The iPhone 4s with the Siri voice command system has been out for a while. As expected there are now several examples available of how well it works with real people using real accents. Here is one with a Scottish Accent.
And cnet did a methodical test with several East Asian accents.
With the technical challenges of voice recognition, I am not surprised that it has some trouble. I am impressed that it works as well as it does. For example, with a standard accent, the recognition quality is clear and substantially improved, as shown in this video from cnet.
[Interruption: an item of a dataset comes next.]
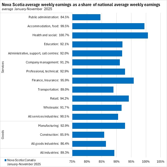 In November 2025, Nova Scotia's average weekly wages were 90.7% of the national average. Nova Scotia average weekly wages were below the comparable national average for every industry except health/social assistance, finance/insurance, and accommodation/food services. The largest gap was reported in forestry/logging (76.7% of the national average).
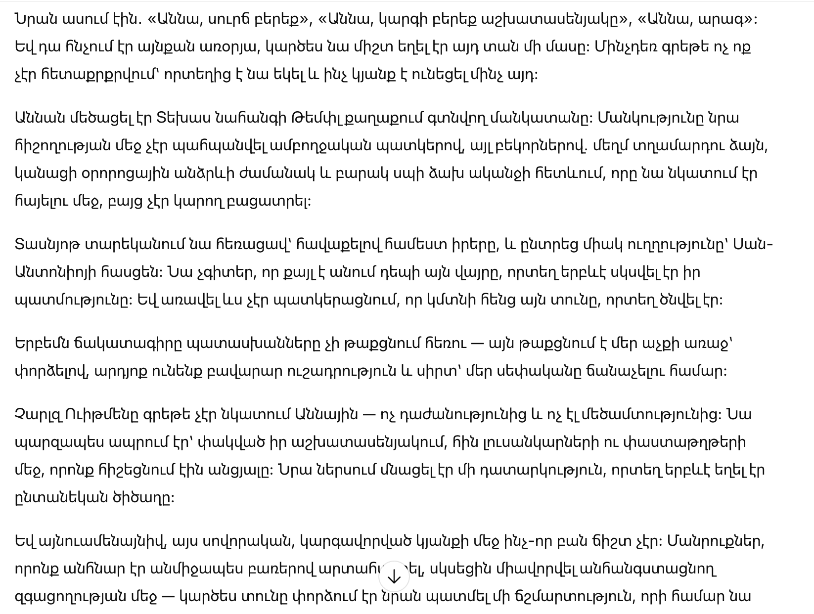 Анна выросла в приюте в городе Темпл, Техас. Детство хранилось в её памяти не целой картиной, а обрывками: мягкий мужской голос, женская колыбельная во время дождя и тонкий шрам за левым ухом, который она замечала в зеркале, но не могла объяснить.

The difference in understanding various accents is most obvious with this almost painful video where Siri specifically asks the user to choose between “home” and “work”, but over and over replies that it cannot understand the Japanese-accented responder’s answer, eventually coming up with a profane interpretation of the user’s attempt to say “Work”. Or perhaps Siri, after a number of successive failed attempts, begins to presume that the user is swearing at it! (warning, the clip does contain profanity)
Here is the ethical dilemma. We used to send schoolchildren to speech therapists to get rid of their ‘funny’ accents. In business somebody for whom saying ‘work’ sounded a little too much like ‘wok’ was branded as ‘doesn’t communicate well’, even though they were understood well enough. Accent elimination tutoring was common for both children and adults because ‘speaking like an American’ was considered a prerequisite for success. Now, this behavior is considered the language equivalent of forcing left-handed children to write with their right hand. No legitimate speech therapist would ever recommend accent elimination classes, and they are vigilant never to misdiagnose an accent as a problem requiring treatment. Even when therapists are re-teaching people to speak again after brain trauma, they are expected to re-train them with their culturally unique features intact.
Now there is Siri. And one person gets to just say ‘send a message to my mom saying I’ll be home late’ while another shouts ‘Work’ over and over again trying to be understood. If it was a person treating these two people so differently, for example in a retail store, would we tolerate it? Is is acceptable if it is one of our machines discriminating against those who do not conform to the accepted standard? It is not an excuse to say that Siri is only sold to US, England, and Australian customers. I hear the accents in the videos (plus many others) daily in Los Angeles. Most other large US cities would as well.
Are we going to see a resurgence in accent elimination classes so people can use their phone as well as ‘real Americans’?
Siri has been compared to ‘the computers on Star Trek’. In the original series the computer understood everybody better than the people did but in the 2009 version J. J. Abrams had a little fun with Chekhov:
But consider this. If people had been having this kind of problem for three centuries, would there still be Russian accented English?
I’m not sure, given the best of current technology, where the answer lies. But unlike some of the Siri-defending commenters on these videos, the answer is not in saying that “They just need to learn to speak clearer.” If we let technology force us to speak all alike then we are allowing technology to take from us something important of our human diversity. Technology does not deserve it.